It wasn't like I didn't want to propose to him, but every time I came up with an idea or put effort into asking him to marry me, something locked up in my head and kept me in place. Sometimes, it was like now when I wondered if we were hurting each other more than we were helping. Other times, I feared that the minute I did, it would invite something else into our cozy bubble of happiness to take it all away. And other times, I couldn't put a finger on what was holding me back.
"I should probably go apologize," I said to the cats, knowing they would much rather I continue to stand there and hold them like babies, but that wasn't an option. Plus, I’d know quickly upon entering the room if it was the time to apologize or leave him alone.
Murmuring to the cats to get over themselves, I set them back on the couch and went toward the bedroom. Hanging on the wall was a painting, and I frowned, trying to make sense of what I was seeing. I felt a twinge in my chest as I remembered a few months ago, he’d taken me to some art fair in Fovel. Most of it hadn't been my thing. But there had been this strange watercolor. Small explosions of vibrant colors smeared and sparked all over the place. It reminded me of a picture of fairies my great-grandmother had when I was a kid, and I'd told Devin that, finally, I could see something in all the random art pieces.
Now, it was on the wall.
Sighing heavily, I pushed open the door and peered into the bedroom. Much like the rest of the house, the 'master' room wasn't large, and our bed dominated the space. Other than that, there was only room for the night tables and the TV I'd hung across from the bed. There, of course, were still plenty of those little touches Devin was so fond of, throwing himself into adding life and personality to the house with a glee that puzzled me.
Now, seeing that picture on the wall, seeing something that was so distinctly me in the house that wasn't an oil-stained pair of pants or my socks drooping off a chair, I understood completely. Our lives had never afforded us much in the way of a safe place to...exist. Everything we did was a reaction to everything around us, and no home had been ours. We could claim no real space as our own.

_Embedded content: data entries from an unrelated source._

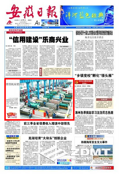 今日(2009年11月11日)《安徽日報》頭版刊載《博望機(jī)床銷四方》的圖片新聞報道。在我公司大型車間圖片中,配出如下文字報道:11月6日,位于當(dāng)涂縣博望鎮(zhèn)的民營企業(yè)安徽中德機(jī)床股份有限公司生產(chǎn)車間里一片繁忙。該企業(yè)今年前三季度銷售量同比增長35%,產(chǎn)品出口30多個國家和地區(qū)。(特約攝影 謝富樂)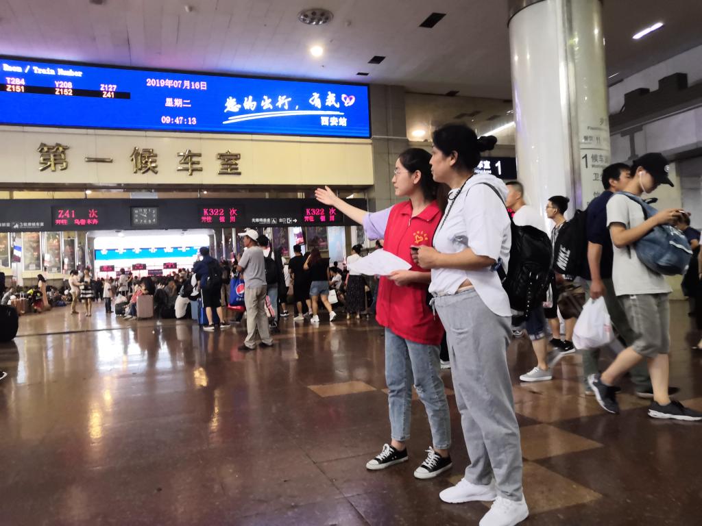 6月份,院团委在全院范围内选拔了综合素质较高的170名志愿者,分为三支队伍分别服务于西安站、西安北站与西安地铁。西安站与西安北站的40名志愿者于7月16日正式上岗,西安地铁的130名志愿者于7月22日正式上岗。同学们牺牲暑期休息时间,克服酷热,根据分配的岗位认真负责的做好进出站引导、配合站台检票、配合安检、车次查询、购退票咨询、帮助、引导乘客正确使用自动售、取票机、秩序维护、便民利民和帮扶重点旅客等志愿服务工作。在40余天的助力暑运志愿服务活动中,志愿者们根据所在站点的工作安排分组上岗,平均每天服务时长达7小时,整个暑期志愿服务活动中,贝博官网170名志愿者共计服务时长达6654余小时,累计服务旅客约300万人次。期间,西安火车站的志愿者们还参加了2019年陕西省西部计划志愿者援疆、援藏项目服务队出征仪式的志愿服务工作。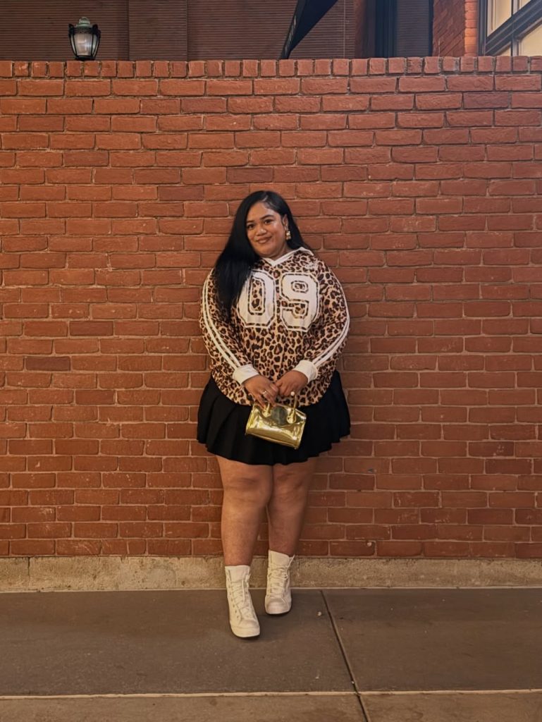 A playful streetwear moment blending a sporty leopard hoodie with a pleated mini skirt—cute, relaxed, and perfect for a casual fall outing.

He had been doing that all along, finally feeling like he was in a place where he could settle down comfortably and start buying unnecessary decorations and plants because he finally considered a place his home. I had always considered it my house, but until Devin came into my life, I’d never considered it a home. Now, there were pieces of our shared lives all over the house, and everything he had been trying to do for so long was starting to make sense.
"You're a sentimental dork for getting that picture," I told the man lying face down on the bed. "How did you even manage to hunt it down?"
"Ethan," he said, and I grunted, realizing I should have known.
"My grandmother would probably get a kick out of it if she knew why I liked it," I said with a smile, sitting on the edge of the bed and watching him. "Of course, at the end of her life, she was the kind of person to say it was fitting a fairy would see fairies."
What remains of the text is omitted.